Dobs. Are there any pictures you can garner from the internet that would help us better understand what exactly it is that you are aiming to accomplish, because I'm still not following what you are looking to achieve.


----------



## dobielvr (Feb 10, 2021)

Murrmurr said:


> YES! That adhesive should work. Another option is an adhesive called JB Weld. With either choice, put the glue onto something like a popsicle stick so you can apply it neatly only where you want it. The JB Weld will be grey when dry, the E600 dries relatively clear but will be visible if not applied with care.


Thanks so much Murrmurr....never heard of JB Weld till now.
So, that should work on either the metal flowers or non- metal flowers right?


----------



## Dana (Feb 10, 2021)

Aunt Marg said:


> I'm no metallurgist, Dana, but I do think you have your information wrong.
> 
> Is it possible that you are thinking of "pot metal"?
> 
> ...



You're quite right Marg you're _"no metallurgist_".  Google does not always supply the right answer.
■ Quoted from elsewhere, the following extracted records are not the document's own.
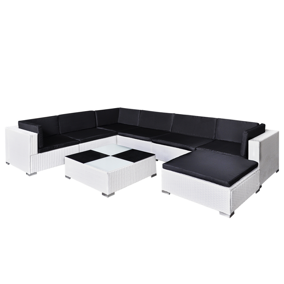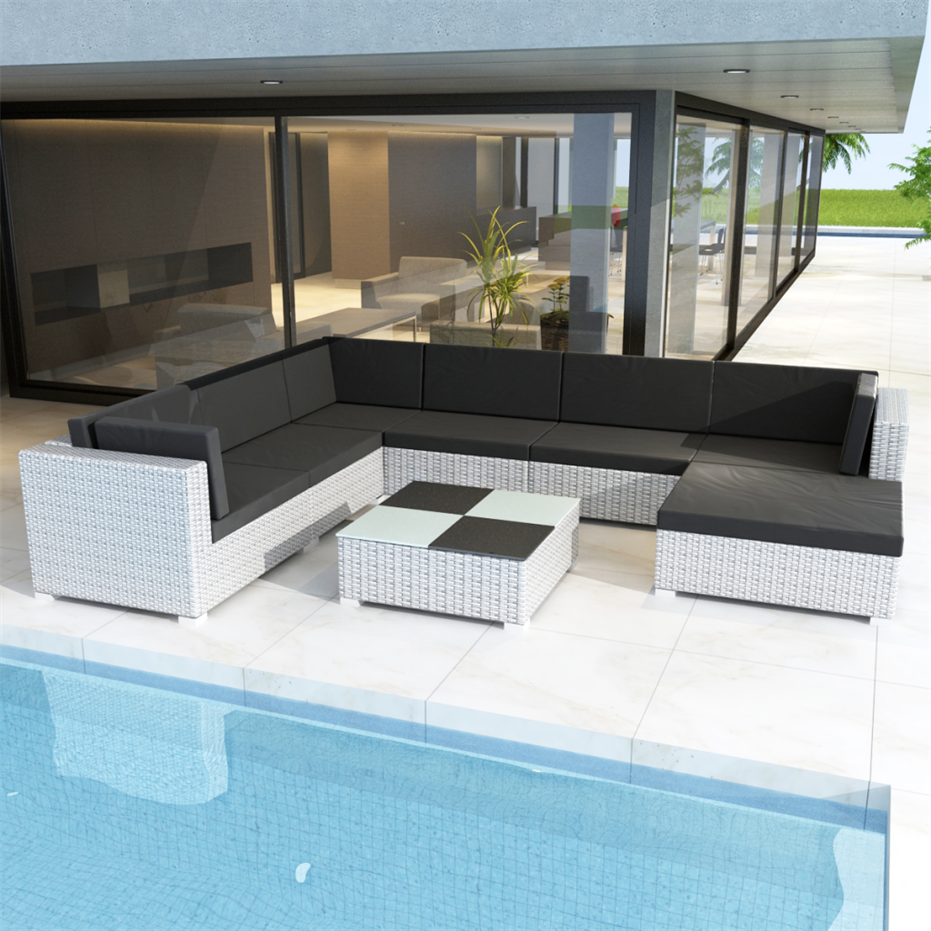 Patio leisure contemporary sectional sofa couch set L shape white rattan outdoor furniture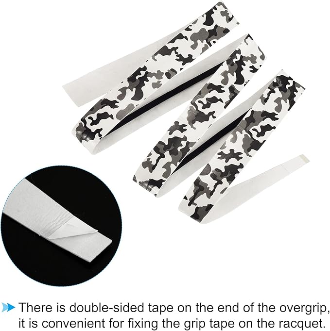 PATIKIL ラケットオーバーグリップ ダンピングリッジ付き 2個 PU グリップテープ ノンスリップ 吸収性 カモパターン テニス バドミントン 釣り竿用 ホワイト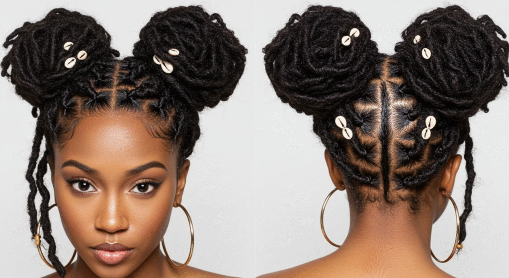 Create a middle part to split your hair into two equal sides. Twist each section at the roots for definition, then gather into high buns. Leave a few locs loose around the face for a soft, framing effect. This versatile style works beautifully with both casual outfits and more dressed-up looks.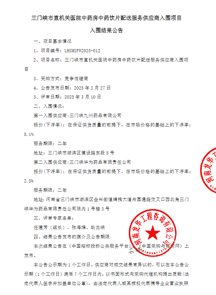 【三门峡市直机关医院】河南省三门峡市直机关医院中药房中药饮片配送服务供应商入围项目-入围结果公告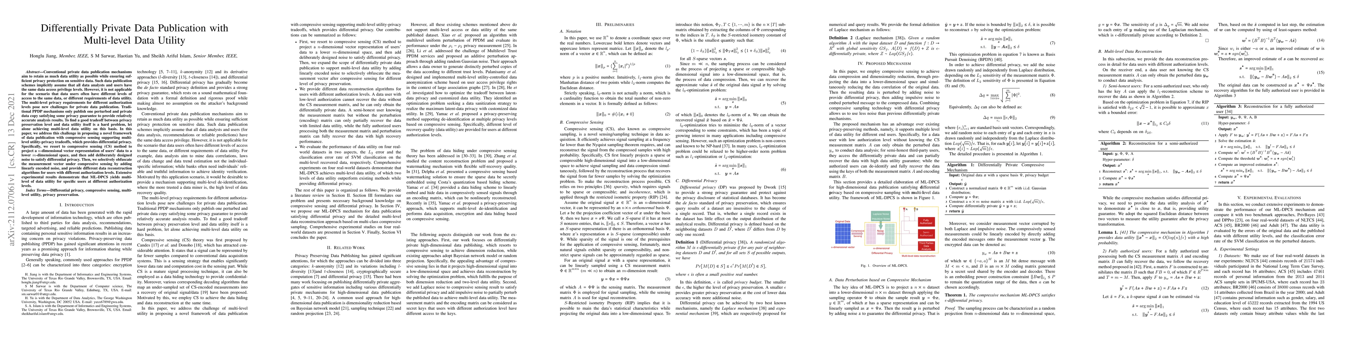 This paper proposes a novel framework for differentially private data publication using compressive sensing to achieve multi-level data utility tailored to different user authorization levels, balancing privacy and data utility effectively. The method selectively obfuscates data through noise addition and provides distinct reconstruction algorithms for users based on their access privileges.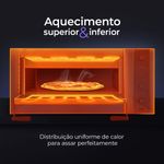 As resistências superior e inferior distribuem o calor uniformemente pela câmara. Quando o termostato atingir a temperatura desejada, coloque os alimentos na câmara para assar. Ajuste o temporizador e o Forno avisará quando os alimentos estiverem prontos!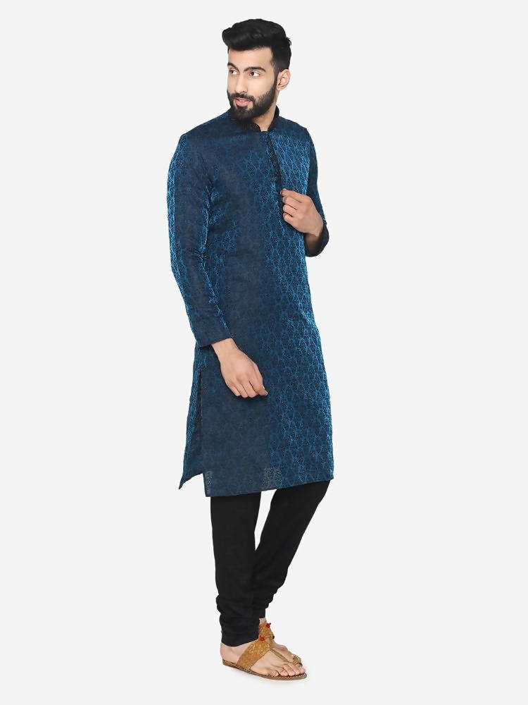 Manyavar Men Blue Self Design Kurta with Churidar - S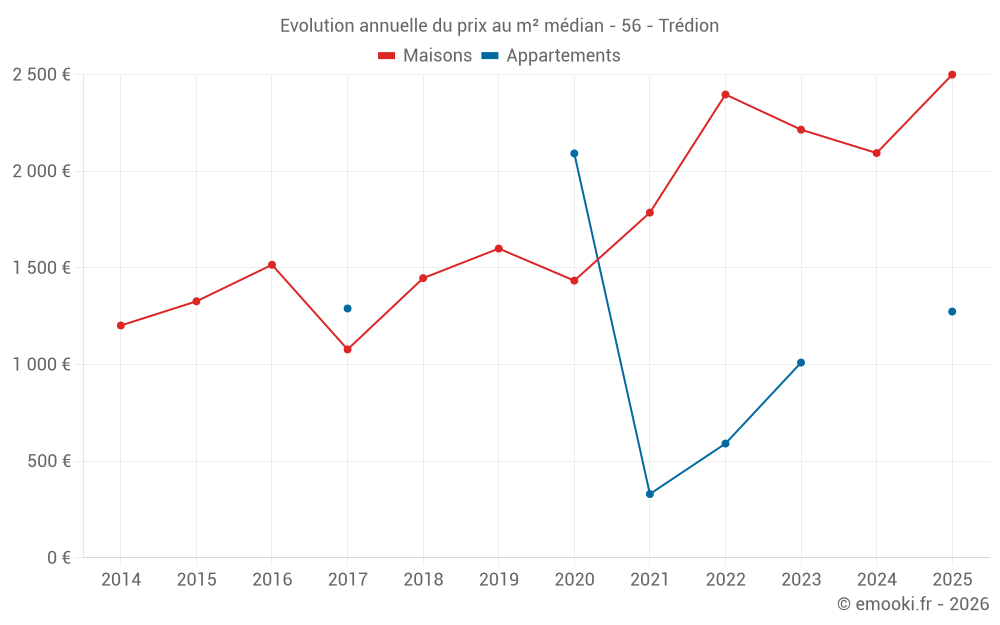 Le prix médian sur les 23 transactions de maisons des 24 derniers mois dans la commune de Trédion était de 2 175 € par mètre carré pour une valeur foncière médiane de 200 000 €. Sur cette période 60% des transactions se sont situées entre 1 725 et 2 655 € par mètre carré (du 2ème au 8ème déciles).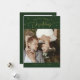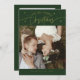 Minimal and elegant holiday card for the newlyweds celebrating their first Christmas together as husband and wife featuring a text that says "our first married Christmas" with dots and hearts. The background is green.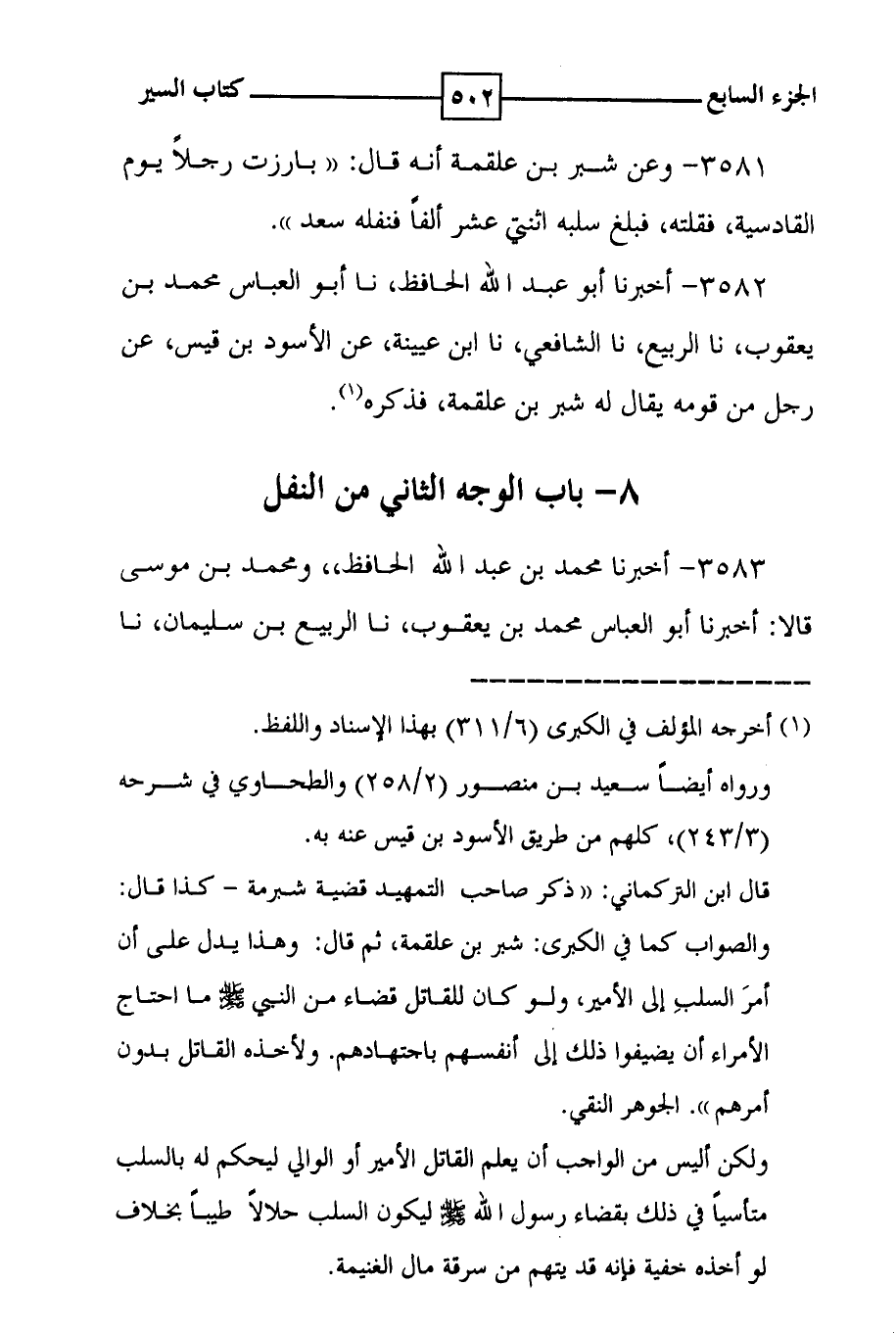 3582 - أخبرنا أبو عبد الله الحافظ ، نا أبو العباس محمد بن يعقوب ، نا الربيع ، نا الشافعي ، نا ابن عيينة ، عن الأسود بن قيس ، عن رجل من قومه يقال له شبر بن علقمة ، فذكره ( 1 ) . 8 - باب الوجه الثاني من النفل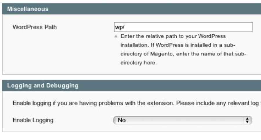 The last two areas of the Integration page are Miscellaneous & Logging and Debugging. Under Miscellaneous, we have a field for WordPress Path. This needs to have the location of your WordPress installation. I have set mine up in a folder called ‘wp/’ which is located in the root of my Magento installation. This may be different depending on how you installed WordPress in relation to Magento.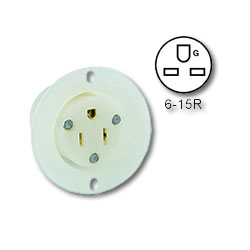 NEMA 6-15P Plug with a nylon body. Features: Rugged construction resists impact, sunlight, chemicals and rough use Industrial grade Back wired Thermoplastic nylon strap Grounding Straight blade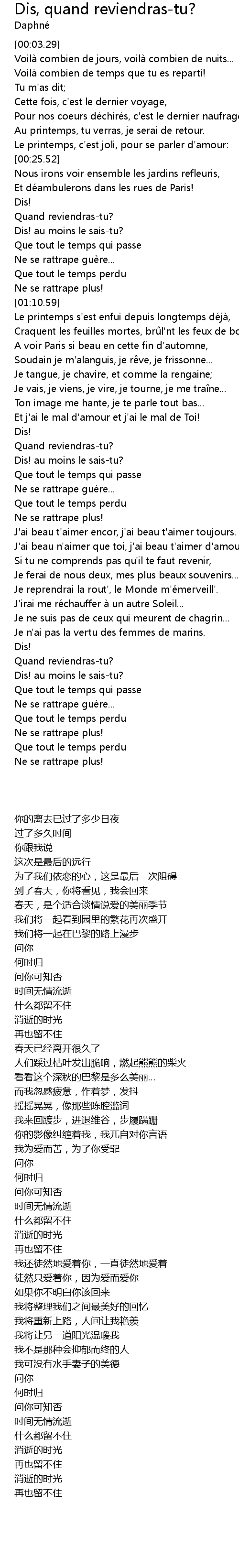 | [00:19.34] | Au printemps, tu verras, je serai de retour. |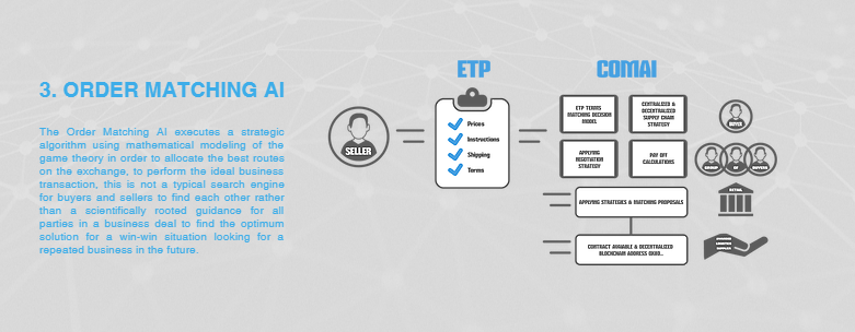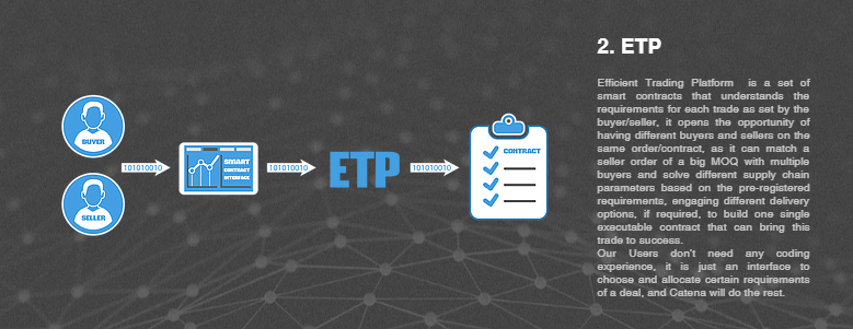 ETP представляет собой набор смарт-контрактов, что понимает требования для каждой сделки, установленные t он покупатель/продавец и сопоставляет их в соответствии, он открывает возможность наличия различных покупателей и продавцов в одном заказе/договоре, как он может соответствовать продавцом заказать большой Moq (количество минимального заказа) с несколькими покупателями и решать различные цепочки поставок параметров на основе предварительно зарегистрированных требованиями, привлекая различные варианты доставки, если это требуется, чтобы построить один исполняемый контракт, который может принести эту торговлю к успеху.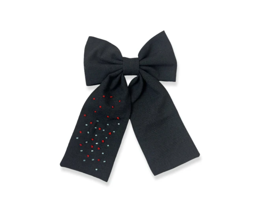 The Dotted Hair Bow is a classic accessory designed to add a playful yet elegant touch to any hairstyle. Crafted for a secure and comfortable fit, it easily clips into ponytails, half up styles, or loose hair for everyday wear. Its timeless dotted pattern complements both casual and dressy outfits, making it a versatile piece for school, work, or special occasions.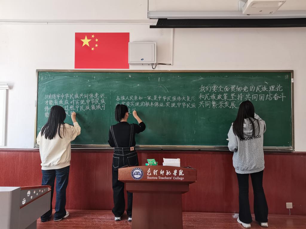 根据《包头师范学院全面深入组织开展2022年民族团结进步月工作方案》要求,以进一步铸牢中华民族共同体意识,引导全体学生牢固树立“三个离不开”“五个认同”的思想,进一步营造校园民族团结氛围,促进各民族学生交往交流交融,教育科学学院认真开展了民族团结进步活动月和第25届全国普通话推广周系列活动。该活动由党总支总体领导、组织实施,由辅导员王璐然负责活动策划和具体指导,历时一个月,融入专业特色,通过线上与线下相结合的方式,开展形式多样、内容丰富的系列活动,有党日活动、主题班会、三笔字、主题演讲、主题征文、交流研讨及结对子帮扶志愿服务活动等,覆盖学生党员、积极分子、学生干部、团干部、团员等,学生参与度较高,教育效果良好。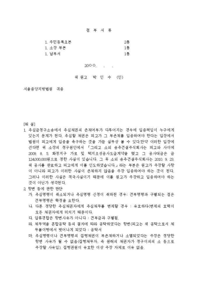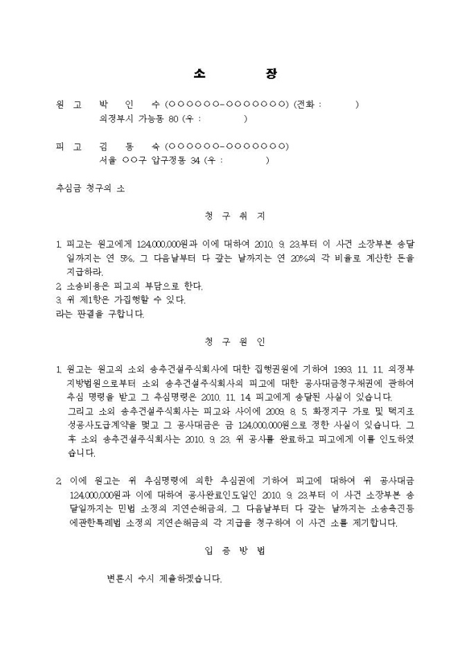 추심금청구 소장(추심명령, 도급계약, 일의 완성인도)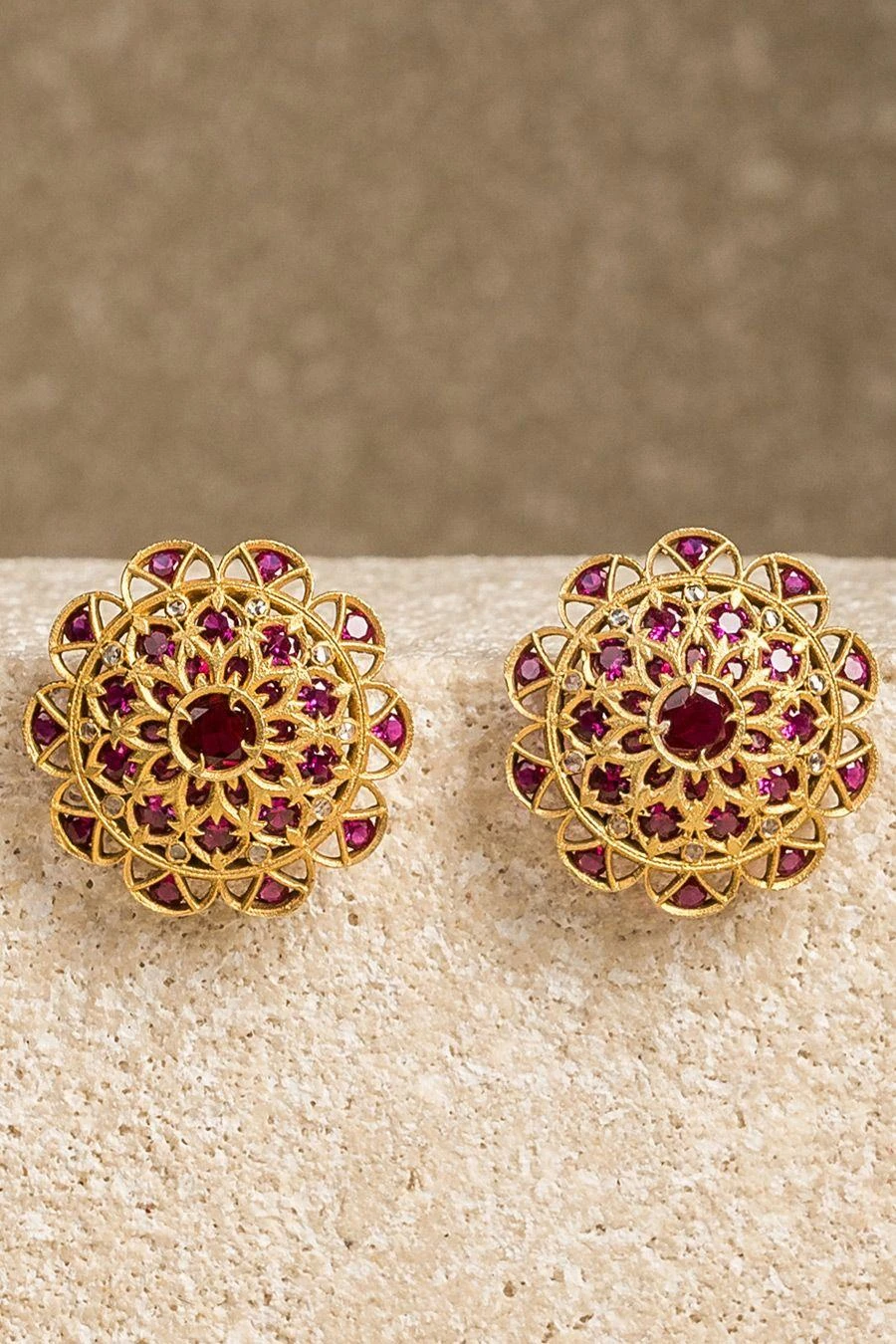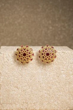 Intricately designed, these stud earrings in 92.5 silver metal are finished with 24K gold dipped polish. They are embellished with hand cut glass stones.
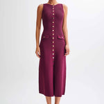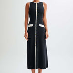 Elegantna pletena haljina bez rukava s dugim gumbima. Njezina ravna linija pruža bezvremensku eleganciju, dok gumbi na džepovima dodaju sofisticiran detalj. Idealna za pojavljivanja od jutra do večeri.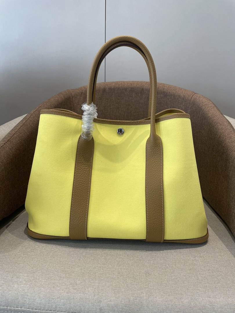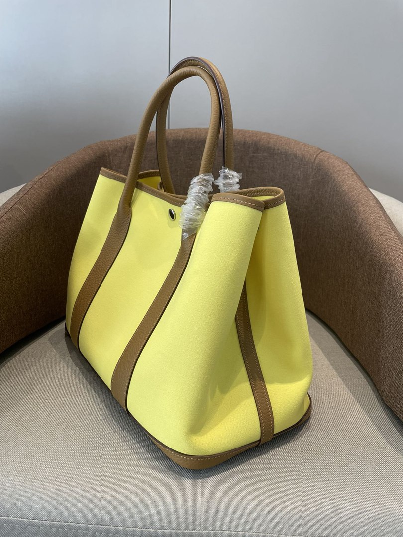 Hermes Garden Party 30 TPM Bicolor Toile Officier Negonda Tote Jaune Citron and Chevre Gold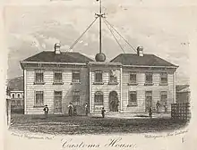 During this time he was a keen amateur astronomer and member of the Wellington Athenaeum and Mechanics Institute (the Wellington Independent on 23 January 1866 reported the theft of one of his telescopes).[5] He was also interested in chronometry, helping to repair the clock in St Peter's Church on Willis Street.[5] Both these interests possibly hearkened back to his years at sea.[2] In 1862 Carkeek suggested that a transit observatory and time ball – the first in New Zealand – be added to the new Customs House due to be built on reclaimed land on the Wellington waterfront; a time service was important for captains of visiting ships needing to correct their chronometers.[5] In December 1863 an astronomical clock arrived from Britain, and it was connected electrically to the time ball so that the ball dropped at noon each day (but never on Sundays).[5] The time ball began operation on 8 March 1864. Carkeek used a 23-inch transit instrument in the adjacent observatory to establish its longitude (174° 49′ 15′′).[5] The combined facility was known as the Provincial Observatory; at the time of its first drop, Carkeek claimed the time ball was the first in the Southern Hemisphere, and himself the country's first astronomer.[10][3]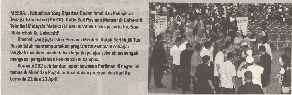 : | Berita Bergambar MESRA...Kehadiran Yang Dipertua Badan Amal dan Kebajikan Tenaga Isteri-Isteri (BAKTI),Datin Seri Rosmah di Universiti Teknikal Malaysia Melaka (UTeM) disambut baik peserta Program 'Selangkah Ke Universiti' Rosmah yang juga isteri Perdana Menteri ,Datuk Seri Najib Tun Razak telah menyempurnakan program itu semalam sebagai langkah memberi pendedahan kepada pelajar sekolah menengah mengenai pengalaman kehidupan di kampus. Seramai 262 pelajar dari lapan kawasan Parlimen di negeri ini termasuk Muar dan Pegoh terlibat dalam program dua hari itu bermula 22 dan 23 April |

My information is correct and it might interest you to know when it comes to metallurgy, "porous" means something different. Cheers!


----------



## dobielvr (Feb 10, 2021)

Aunt Marg said:


> Dobs. Are there any pictures you can garner from the internet that would help us better understand what exactly it is that you are aiming to accomplish, because I'm still not following what you are looking to do.


Darn it...i don't think so.  It's very plain and simple.

Basic double screen, nothing on top to block the view, in the middle by the handles will be a 8" section of ivy leaves, going across, then the bottom half will have 3 rods going down it.  And then I'm planning on putting the flowers...may be 2-3 in a random pattern along the bottom, in between the 3 rods.

I hope that helps...


----------



## Aunt Marg (Feb 10, 2021)

dobielvr said:


> Darn it...i don't think so.  It's very plain and simple.
> 
> Basic double screen, nothing on top to block the view, in the middle by the handles will be a 8" section of ivy leaves, going across, then the bottom half will have 3 rods going down it.  And then I'm planning on putting the flowers...may be 2-3 in a random pattern along the bottom, in between the 3 rods.
> 
> I hope that helps...


Okay, I think I've got it.

If the smith you're having fabricate your wrought door was planning on bolting actual wrought flowers to the doo, they'll be no clanking.


----------



## dobielvr (Feb 10, 2021)

Aunt Marg said:


> Okay, I think I've got it.
> 
> If the smith you're having fabricate your wrought door was planning on bolting actual wrought flowers to the doo, they'll be no clanking.


Ok auntie...thanks.


----------



## Murrmurr (Feb 10, 2021)

dobielvr said:


> Thanks so much Murrmurr....never heard of JB Weld till now.
> So, that should work on either the metal flowers or non- metal flowers right?


JB Weld for metal, E6000 for both.


----------